● **Goal of the exercise**
Give again, exactly as written, the lines of the records below from the line with "പുത്തൻകാവ്: ഐ പി" to the line with "A nautical-inspired collection". Both end lines count; pictures do not.

● **Dataset content**

▬▬▬▬▬▬

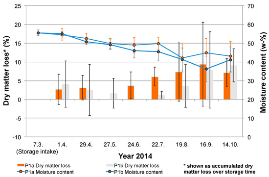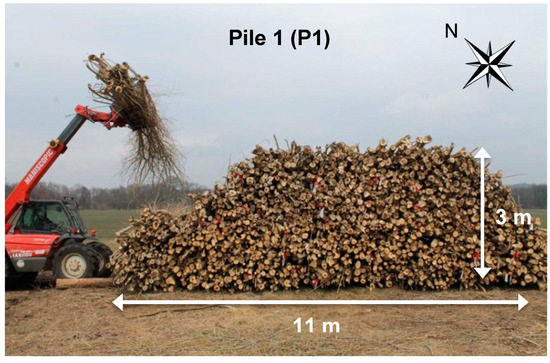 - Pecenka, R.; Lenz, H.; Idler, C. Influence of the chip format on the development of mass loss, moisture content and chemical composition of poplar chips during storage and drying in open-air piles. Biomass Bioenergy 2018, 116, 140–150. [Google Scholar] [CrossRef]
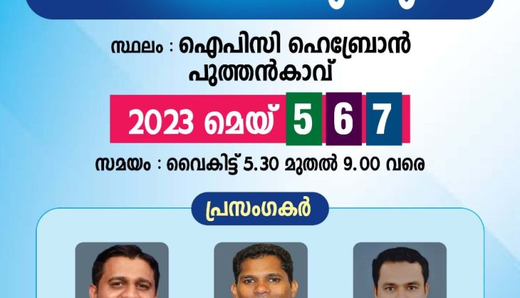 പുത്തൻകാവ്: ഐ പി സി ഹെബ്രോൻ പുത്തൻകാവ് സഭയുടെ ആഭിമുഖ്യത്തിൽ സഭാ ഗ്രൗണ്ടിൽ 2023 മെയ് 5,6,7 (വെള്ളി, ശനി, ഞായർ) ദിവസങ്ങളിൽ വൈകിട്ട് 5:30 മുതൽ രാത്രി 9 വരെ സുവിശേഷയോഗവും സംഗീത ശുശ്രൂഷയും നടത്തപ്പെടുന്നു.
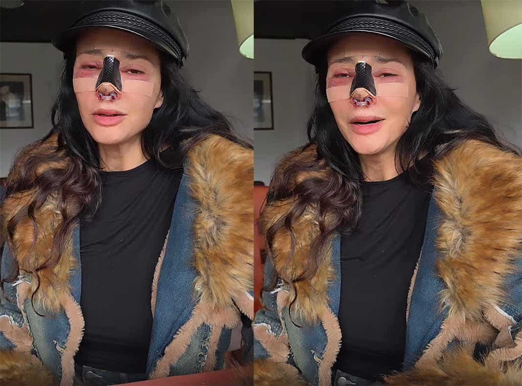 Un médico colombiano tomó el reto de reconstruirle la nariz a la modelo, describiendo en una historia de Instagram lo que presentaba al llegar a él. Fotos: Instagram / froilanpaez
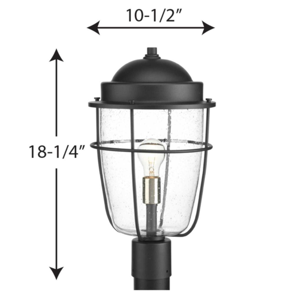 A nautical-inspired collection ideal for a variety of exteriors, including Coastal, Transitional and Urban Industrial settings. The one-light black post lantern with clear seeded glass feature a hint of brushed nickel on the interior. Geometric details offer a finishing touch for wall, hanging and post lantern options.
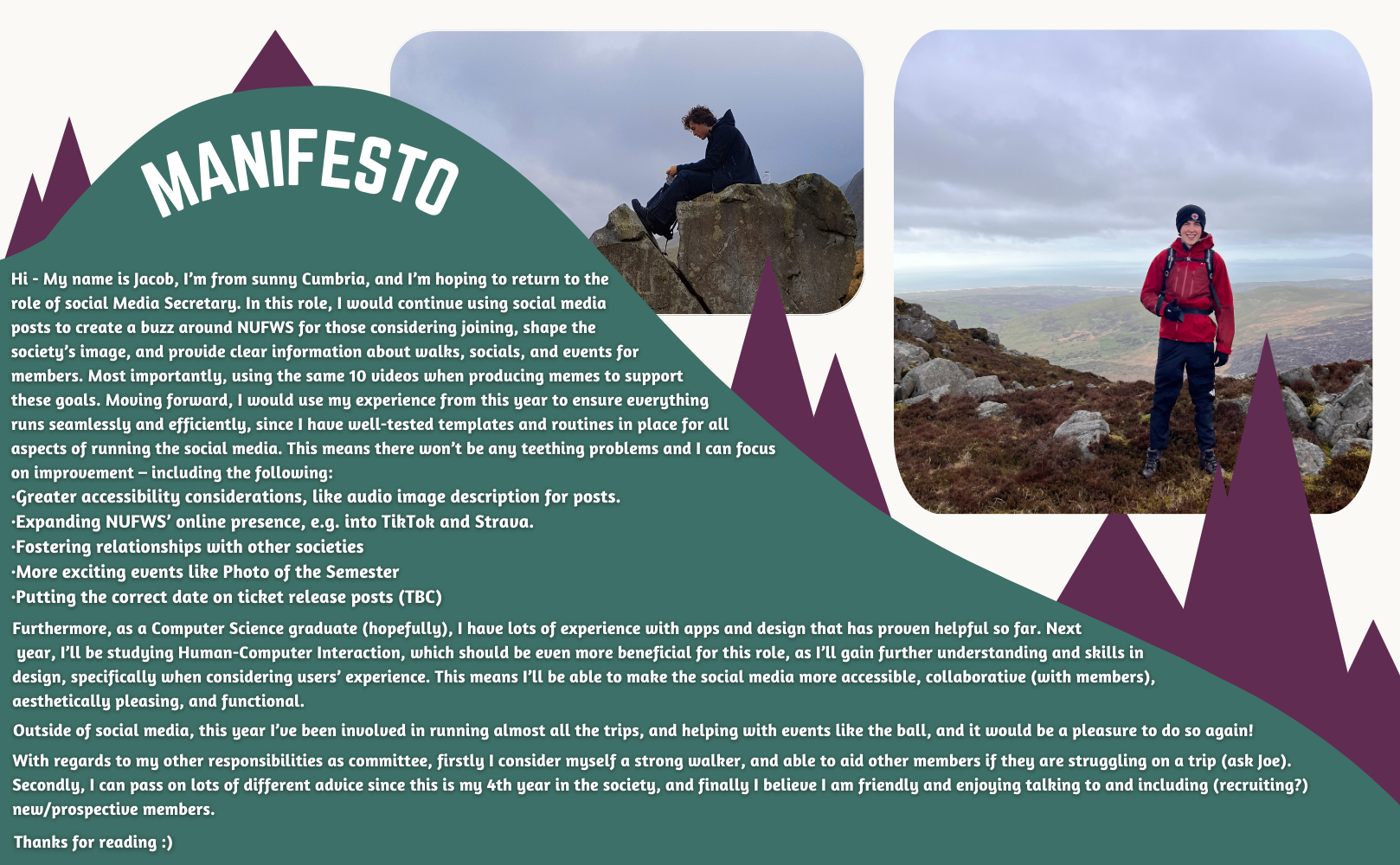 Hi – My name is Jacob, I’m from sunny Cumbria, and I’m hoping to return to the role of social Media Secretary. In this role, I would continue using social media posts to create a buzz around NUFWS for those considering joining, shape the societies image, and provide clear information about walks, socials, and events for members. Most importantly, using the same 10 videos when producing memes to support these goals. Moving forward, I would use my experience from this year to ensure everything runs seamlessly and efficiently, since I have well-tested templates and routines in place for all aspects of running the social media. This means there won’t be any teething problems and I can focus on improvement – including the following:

▬▬▬▬▬▬

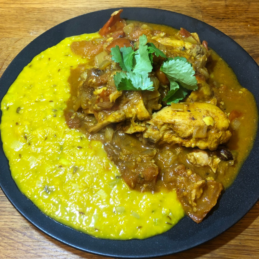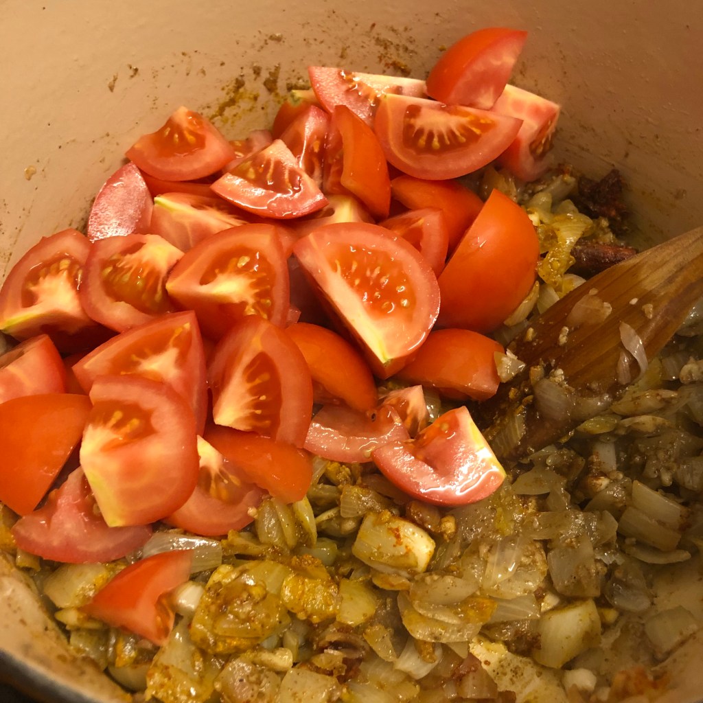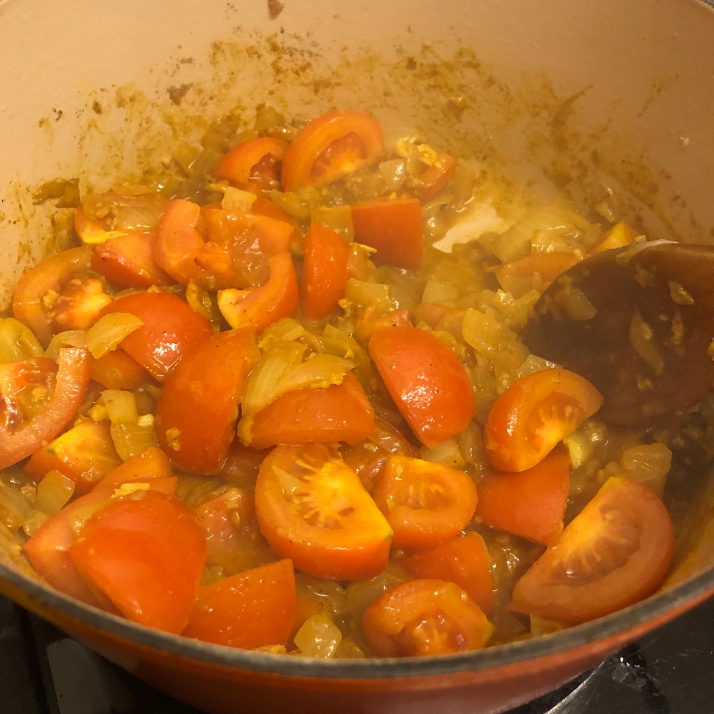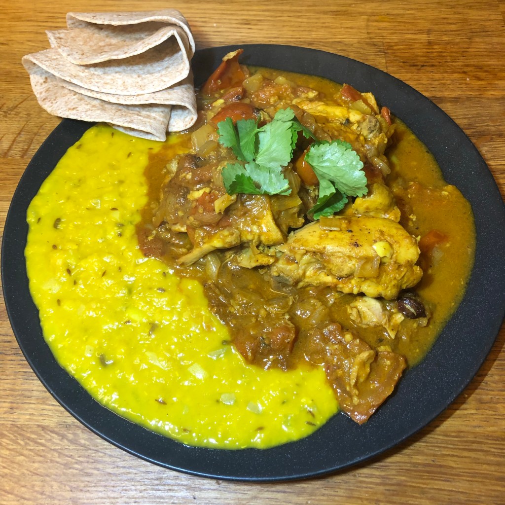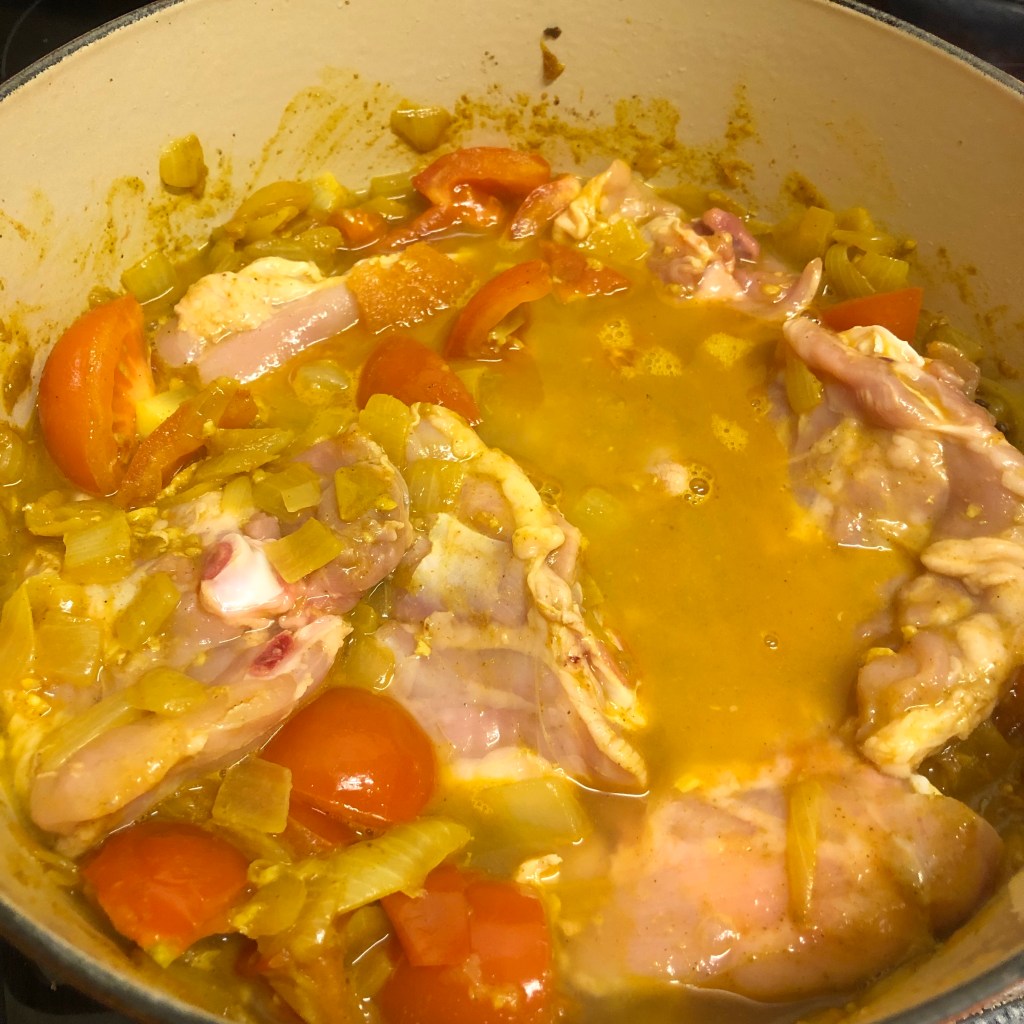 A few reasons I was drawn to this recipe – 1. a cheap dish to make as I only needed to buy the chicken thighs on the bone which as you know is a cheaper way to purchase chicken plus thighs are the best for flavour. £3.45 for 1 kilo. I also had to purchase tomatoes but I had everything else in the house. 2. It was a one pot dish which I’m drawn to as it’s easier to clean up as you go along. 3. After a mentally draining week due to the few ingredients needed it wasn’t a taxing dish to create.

▬▬▬▬▬▬

● **Answer area**
 പുത്തൻകാവ്: ഐ പി സി ഹെബ്രോൻ പുത്തൻകാവ് സഭയുടെ ആഭിമുഖ്യത്തിൽ സഭാ ഗ്രൗണ്ടിൽ 2023 മെയ് 5,6,7 (വെള്ളി, ശനി, ഞായർ) ദിവസങ്ങളിൽ വൈകിട്ട് 5:30 മുതൽ രാത്രി 9 വരെ സുവിശേഷയോഗവും സംഗീത ശുശ്രൂഷയും നടത്തപ്പെടുന്നു.
 Un médico colombiano tomó el reto de reconstruirle la nariz a la modelo, describiendo en una historia de Instagram lo que presentaba al llegar a él. Fotos: Instagram / froilanpaez
 A nautical-inspired collection ideal for a variety of exteriors, including Coastal, Transitional and Urban Industrial settings. The one-light black post lantern with clear seeded glass feature a hint of brushed nickel on the interior. Geometric details offer a finishing touch for wall, hanging and post lantern options.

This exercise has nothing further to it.